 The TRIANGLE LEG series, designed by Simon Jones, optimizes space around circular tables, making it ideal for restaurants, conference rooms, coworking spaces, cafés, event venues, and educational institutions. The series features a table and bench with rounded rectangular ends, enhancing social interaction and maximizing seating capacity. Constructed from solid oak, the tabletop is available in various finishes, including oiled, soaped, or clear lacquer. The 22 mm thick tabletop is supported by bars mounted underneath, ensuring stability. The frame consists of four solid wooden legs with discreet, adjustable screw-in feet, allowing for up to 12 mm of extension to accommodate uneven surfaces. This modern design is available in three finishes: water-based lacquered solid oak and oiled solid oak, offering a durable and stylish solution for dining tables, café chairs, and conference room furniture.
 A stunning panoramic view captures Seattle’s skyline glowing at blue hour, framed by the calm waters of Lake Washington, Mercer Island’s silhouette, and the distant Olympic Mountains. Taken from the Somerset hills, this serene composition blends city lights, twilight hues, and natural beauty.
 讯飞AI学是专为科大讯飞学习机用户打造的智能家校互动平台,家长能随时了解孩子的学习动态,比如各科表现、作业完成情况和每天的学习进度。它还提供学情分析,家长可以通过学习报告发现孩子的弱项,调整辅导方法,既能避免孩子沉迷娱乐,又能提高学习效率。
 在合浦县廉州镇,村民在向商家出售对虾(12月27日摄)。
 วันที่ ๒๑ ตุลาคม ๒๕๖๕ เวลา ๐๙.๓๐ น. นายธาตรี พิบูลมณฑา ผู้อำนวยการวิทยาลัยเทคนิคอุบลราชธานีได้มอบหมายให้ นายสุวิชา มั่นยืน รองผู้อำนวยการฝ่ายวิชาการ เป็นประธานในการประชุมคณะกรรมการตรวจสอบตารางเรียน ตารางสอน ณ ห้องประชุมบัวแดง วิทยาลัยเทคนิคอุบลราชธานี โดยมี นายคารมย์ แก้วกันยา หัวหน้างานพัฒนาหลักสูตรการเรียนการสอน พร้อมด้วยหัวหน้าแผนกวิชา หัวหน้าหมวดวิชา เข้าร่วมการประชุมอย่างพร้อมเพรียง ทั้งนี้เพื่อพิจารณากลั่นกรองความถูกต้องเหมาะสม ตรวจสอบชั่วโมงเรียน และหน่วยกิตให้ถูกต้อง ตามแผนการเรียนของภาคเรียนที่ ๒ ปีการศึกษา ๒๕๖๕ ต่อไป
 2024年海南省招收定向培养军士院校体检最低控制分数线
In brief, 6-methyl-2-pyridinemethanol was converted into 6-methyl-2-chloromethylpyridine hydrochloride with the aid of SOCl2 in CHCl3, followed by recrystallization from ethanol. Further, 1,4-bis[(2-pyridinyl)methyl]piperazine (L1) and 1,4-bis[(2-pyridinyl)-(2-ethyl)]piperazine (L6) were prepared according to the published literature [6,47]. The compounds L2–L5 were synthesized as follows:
____
Return each entry above exactly, leaving none out.

Task output:
 The TRIANGLE LEG series, designed by Simon Jones, optimizes space around circular tables, making it ideal for restaurants, conference rooms, coworking spaces, cafés, event venues, and educational institutions. The series features a table and bench with rounded rectangular ends, enhancing social interaction and maximizing seating capacity. Constructed from solid oak, the tabletop is available in various finishes, including oiled, soaped, or clear lacquer. The 22 mm thick tabletop is supported by bars mounted underneath, ensuring stability. The frame consists of four solid wooden legs with discreet, adjustable screw-in feet, allowing for up to 12 mm of extension to accommodate uneven surfaces. This modern design is available in three finishes: water-based lacquered solid oak and oiled solid oak, offering a durable and stylish solution for dining tables, café chairs, and conference room furniture.
 A stunning panoramic view captures Seattle’s skyline glowing at blue hour, framed by the calm waters of Lake Washington, Mercer Island’s silhouette, and the distant Olympic Mountains. Taken from the Somerset hills, this serene composition blends city lights, twilight hues, and natural beauty.
 讯飞AI学是专为科大讯飞学习机用户打造的智能家校互动平台,家长能随时了解孩子的学习动态,比如各科表现、作业完成情况和每天的学习进度。它还提供学情分析,家长可以通过学习报告发现孩子的弱项,调整辅导方法,既能避免孩子沉迷娱乐,又能提高学习效率。
 在合浦县廉州镇,村民在向商家出售对虾(12月27日摄)。
 วันที่ ๒๑ ตุลาคม ๒๕๖๕ เวลา ๐๙.๓๐ น. นายธาตรี พิบูลมณฑา ผู้อำนวยการวิทยาลัยเทคนิคอุบลราชธานีได้มอบหมายให้ นายสุวิชา มั่นยืน รองผู้อำนวยการฝ่ายวิชาการ เป็นประธานในการประชุมคณะกรรมการตรวจสอบตารางเรียน ตารางสอน ณ ห้องประชุมบัวแดง วิทยาลัยเทคนิคอุบลราชธานี โดยมี นายคารมย์ แก้วกันยา หัวหน้างานพัฒนาหลักสูตรการเรียนการสอน พร้อมด้วยหัวหน้าแผนกวิชา หัวหน้าหมวดวิชา เข้าร่วมการประชุมอย่างพร้อมเพรียง ทั้งนี้เพื่อพิจารณากลั่นกรองความถูกต้องเหมาะสม ตรวจสอบชั่วโมงเรียน และหน่วยกิตให้ถูกต้อง ตามแผนการเรียนของภาคเรียนที่ ๒ ปีการศึกษา ๒๕๖๕ ต่อไป
 2024年海南省招收定向培养军士院校体检最低控制分数线
In brief, 6-methyl-2-pyridinemethanol was converted into 6-methyl-2-chloromethylpyridine hydrochloride with the aid of SOCl2 in CHCl3, followed by recrystallization from ethanol. Further, 1,4-bis[(2-pyridinyl)methyl]piperazine (L1) and 1,4-bis[(2-pyridinyl)-(2-ethyl)]piperazine (L6) were prepared according to the published literature [6,47]. The compounds L2–L5 were synthesized as follows:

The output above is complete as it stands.